Recorded data:
===============

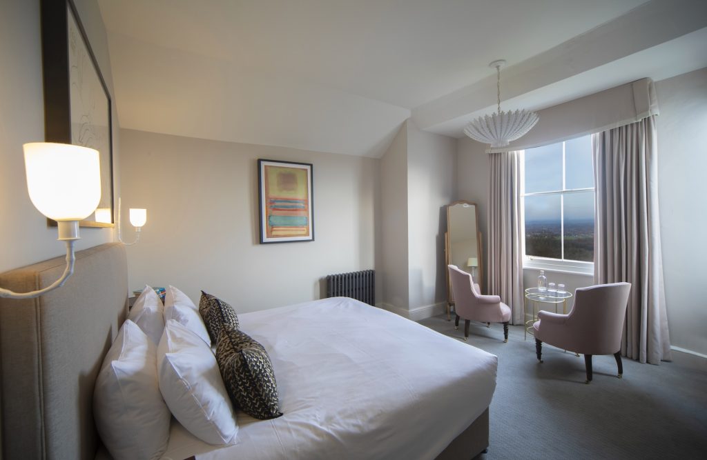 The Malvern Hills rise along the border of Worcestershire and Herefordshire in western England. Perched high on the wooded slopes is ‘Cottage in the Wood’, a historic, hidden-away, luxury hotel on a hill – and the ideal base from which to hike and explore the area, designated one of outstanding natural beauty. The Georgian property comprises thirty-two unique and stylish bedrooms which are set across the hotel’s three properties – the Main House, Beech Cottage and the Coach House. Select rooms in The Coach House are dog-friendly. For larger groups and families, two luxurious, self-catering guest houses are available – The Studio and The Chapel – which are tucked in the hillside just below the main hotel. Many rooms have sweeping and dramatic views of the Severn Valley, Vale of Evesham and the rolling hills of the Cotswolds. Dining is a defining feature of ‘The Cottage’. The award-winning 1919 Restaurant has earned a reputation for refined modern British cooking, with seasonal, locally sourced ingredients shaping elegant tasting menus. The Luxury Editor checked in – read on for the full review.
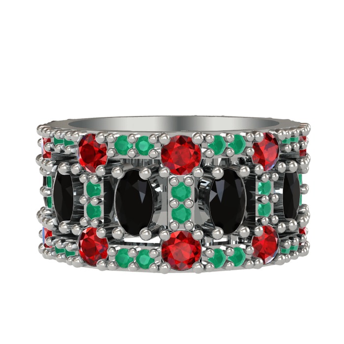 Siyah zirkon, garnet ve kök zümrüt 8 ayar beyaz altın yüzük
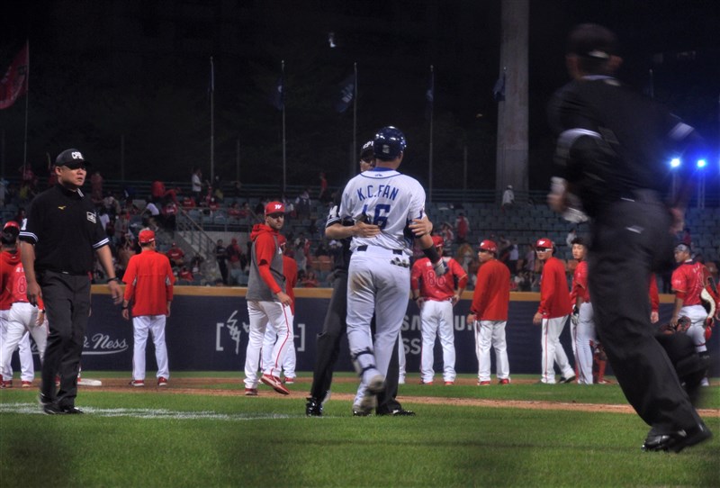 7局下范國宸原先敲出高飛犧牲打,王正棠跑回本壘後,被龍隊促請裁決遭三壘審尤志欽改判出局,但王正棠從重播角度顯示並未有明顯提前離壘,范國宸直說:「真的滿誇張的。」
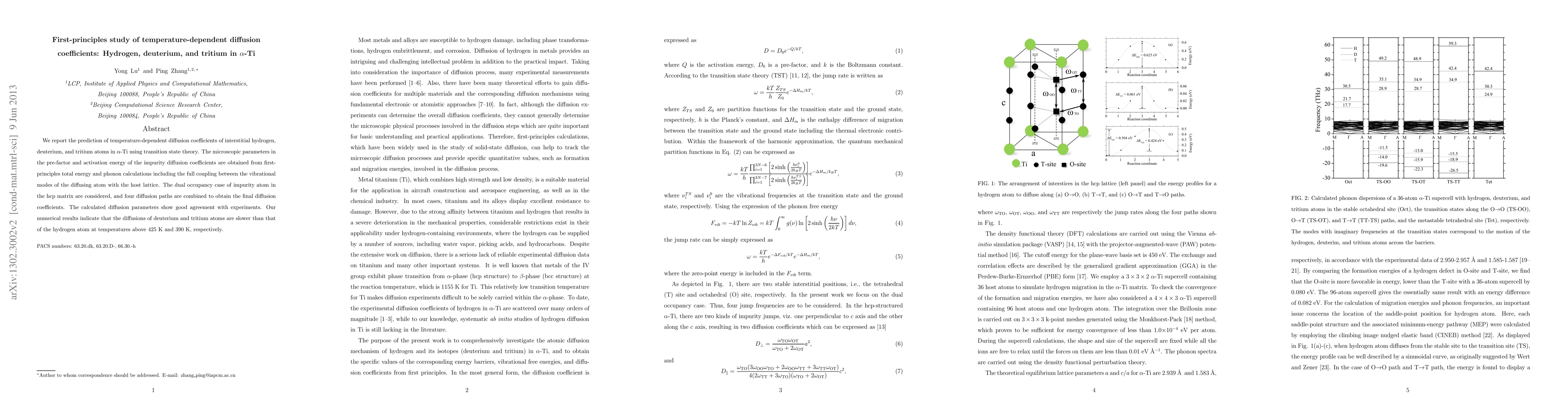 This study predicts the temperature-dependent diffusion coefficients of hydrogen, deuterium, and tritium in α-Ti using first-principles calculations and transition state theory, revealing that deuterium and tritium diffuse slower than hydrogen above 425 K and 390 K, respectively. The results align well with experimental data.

===============

Problem statement: Find the line that contains "7局下范國宸原先敲出高飛犧牲" and repeat it, along with every line after it to the end of the data, exactly; drop the pictures.

Response to the exercise:
 7局下范國宸原先敲出高飛犧牲打,王正棠跑回本壘後,被龍隊促請裁決遭三壘審尤志欽改判出局,但王正棠從重播角度顯示並未有明顯提前離壘,范國宸直說:「真的滿誇張的。」
 This study predicts the temperature-dependent diffusion coefficients of hydrogen, deuterium, and tritium in α-Ti using first-principles calculations and transition state theory, revealing that deuterium and tritium diffuse slower than hydrogen above 425 K and 390 K, respectively. The results align well with experimental data.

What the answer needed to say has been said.